■ SUPPLIED DATA:
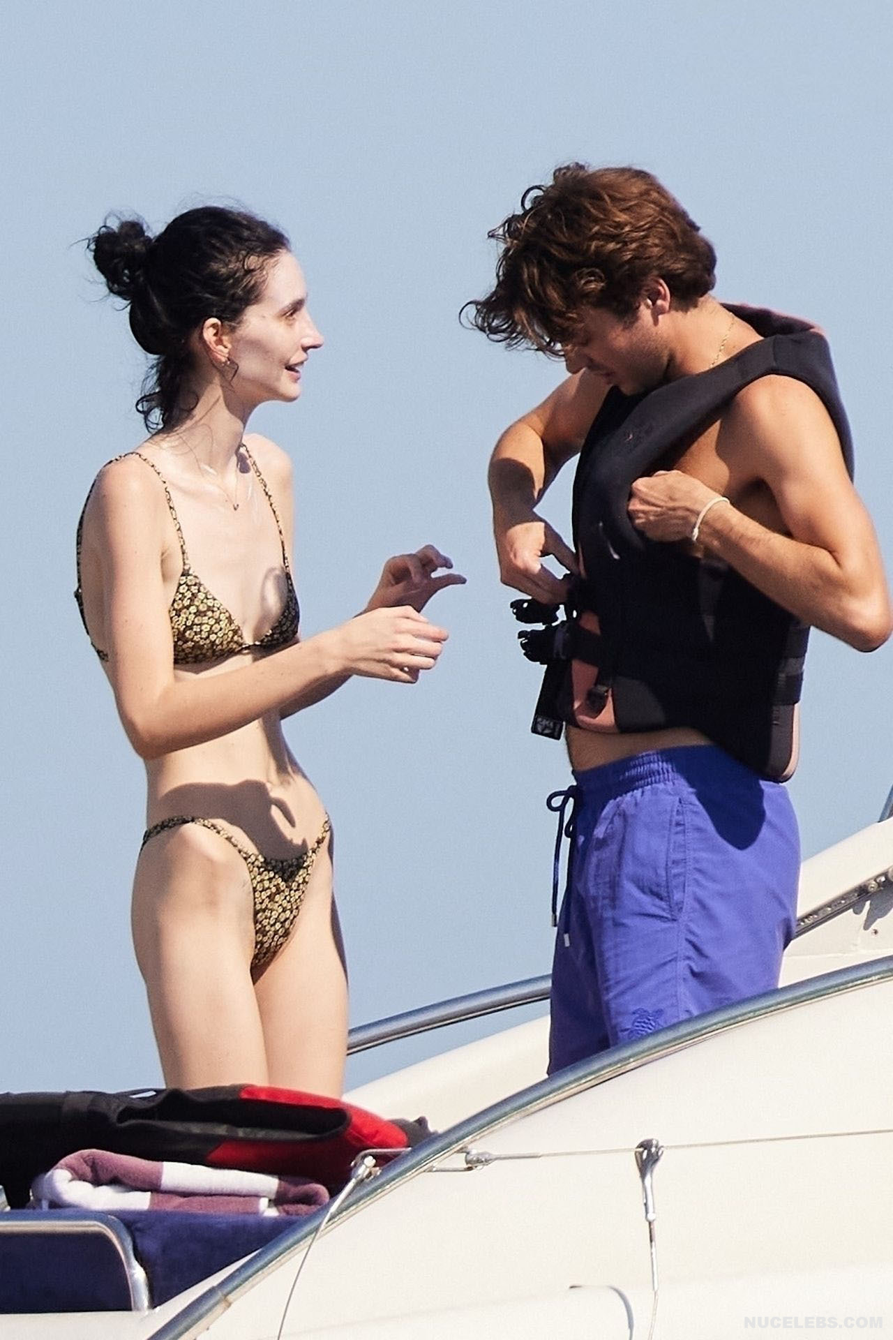 Join Meadow Walker on her invigorating yacht getaway. This 24-year-old model embraced the sun and sand in a trendy bikini. However, this celebrity seems to have overlooked the fact that a bra might not hold her juicy peaches. So, when Meadow Walker was boarding the yacht in a wet bikini, her nude sweet boob with a hard nipple slipped out! Well, it looked very tempting, didn’t it? I wish the panties would slip off this beauty so we could see Meadow Walker’s nude booty!
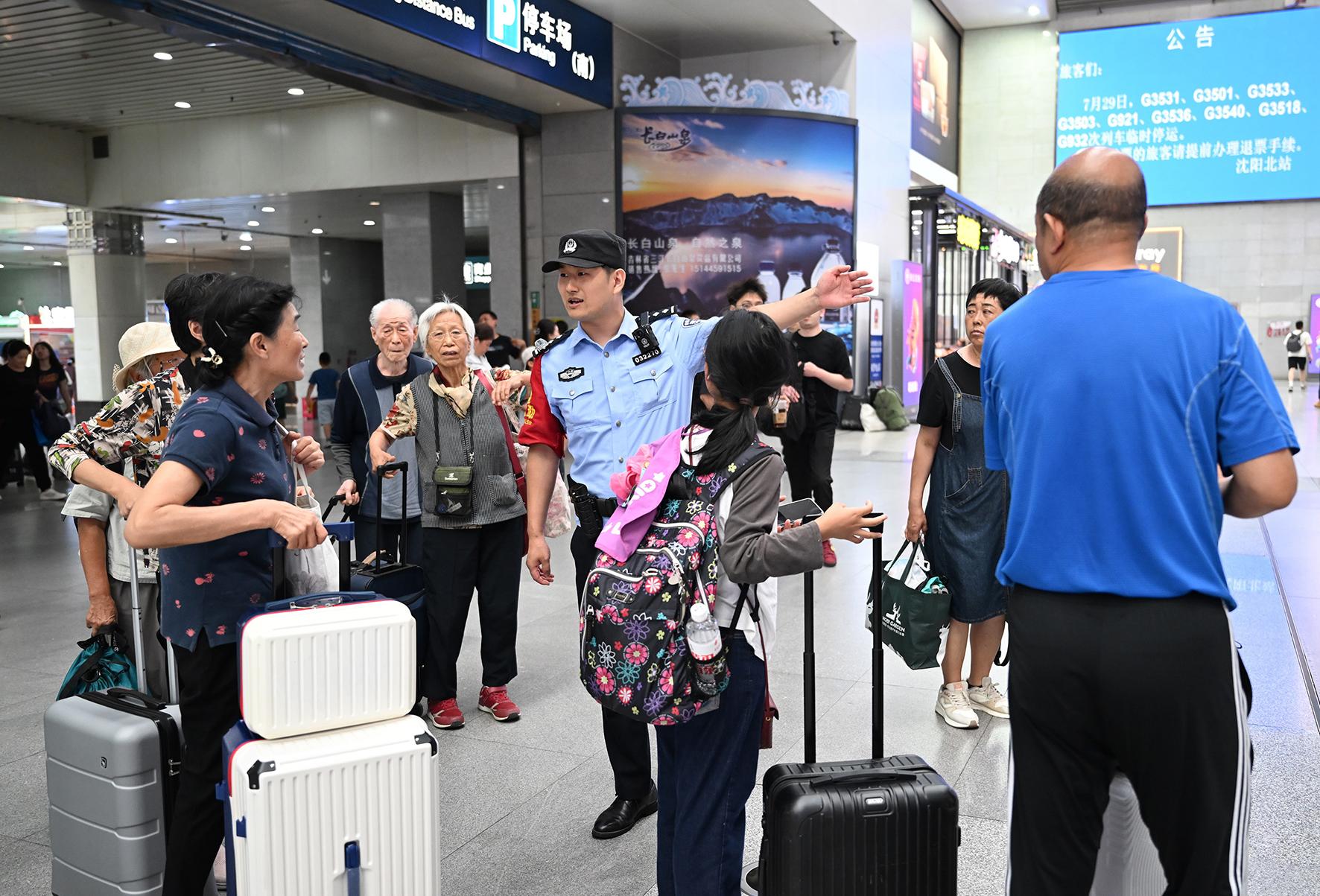 7月29日,沈陽鐵路公安處沈陽北站派出所針對(duì)暑運(yùn)期間學(xué)生流、家庭游旅客流激增的情況,增派警力在候車室開展安全提醒服務(wù)。
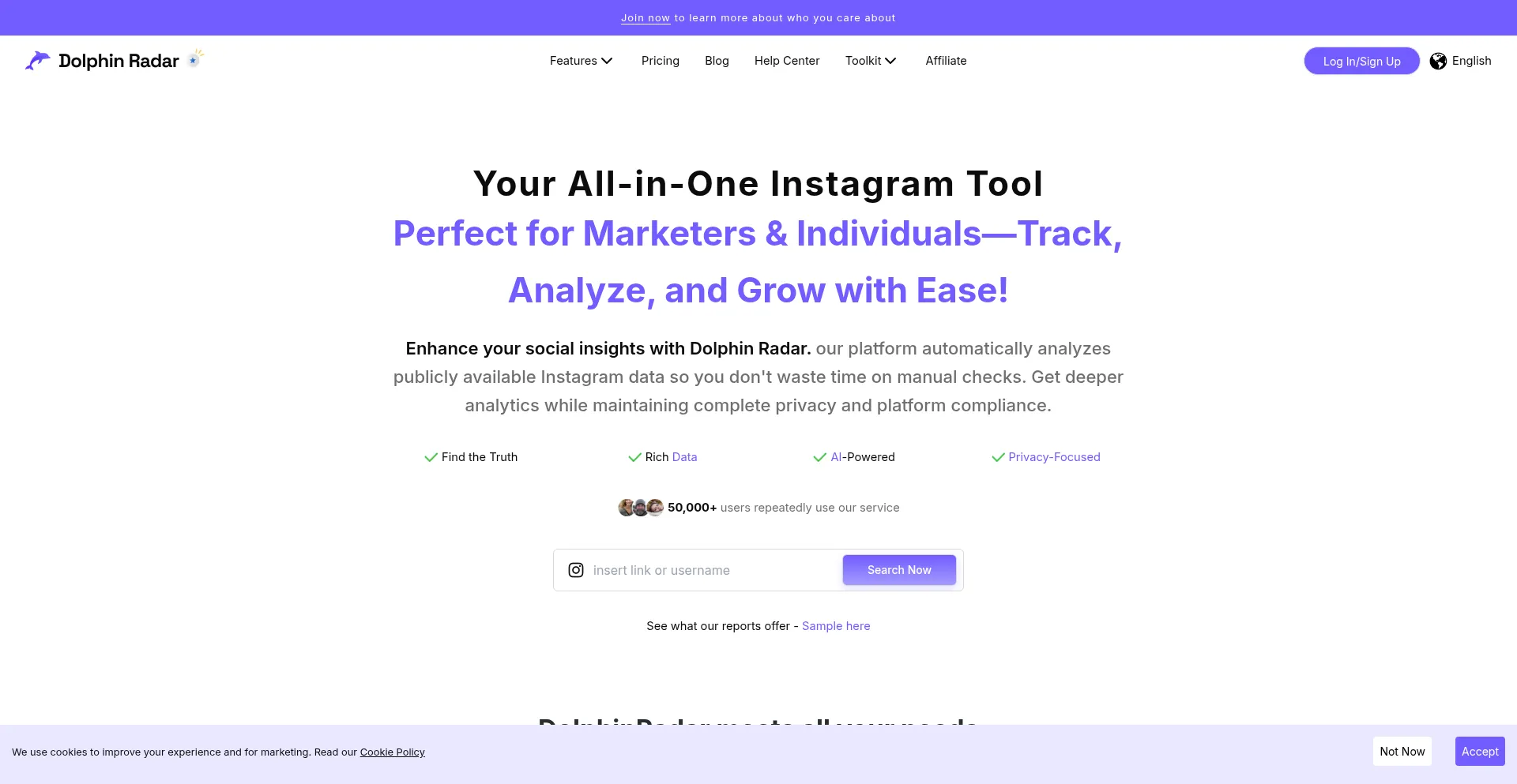 Boost your Instagram strategy with DolphinRadar. Analyze follows, likes & audience trends with AI—fast, private, and 100% platform compliant.

■ GOAL OF THE EXERCISE:
Retype each line above precisely, please. Skip anything that is a picture.

■ SOLVED PROBLEM:
 Join Meadow Walker on her invigorating yacht getaway. This 24-year-old model embraced the sun and sand in a trendy bikini. However, this celebrity seems to have overlooked the fact that a bra might not hold her juicy peaches. So, when Meadow Walker was boarding the yacht in a wet bikini, her nude sweet boob with a hard nipple slipped out! Well, it looked very tempting, didn’t it? I wish the panties would slip off this beauty so we could see Meadow Walker’s nude booty!
 7月29日,沈陽鐵路公安處沈陽北站派出所針對(duì)暑運(yùn)期間學(xué)生流、家庭游旅客流激增的情況,增派警力在候車室開展安全提醒服務(wù)。
 Boost your Instagram strategy with DolphinRadar. Analyze follows, likes & audience trends with AI—fast, private, and 100% platform compliant.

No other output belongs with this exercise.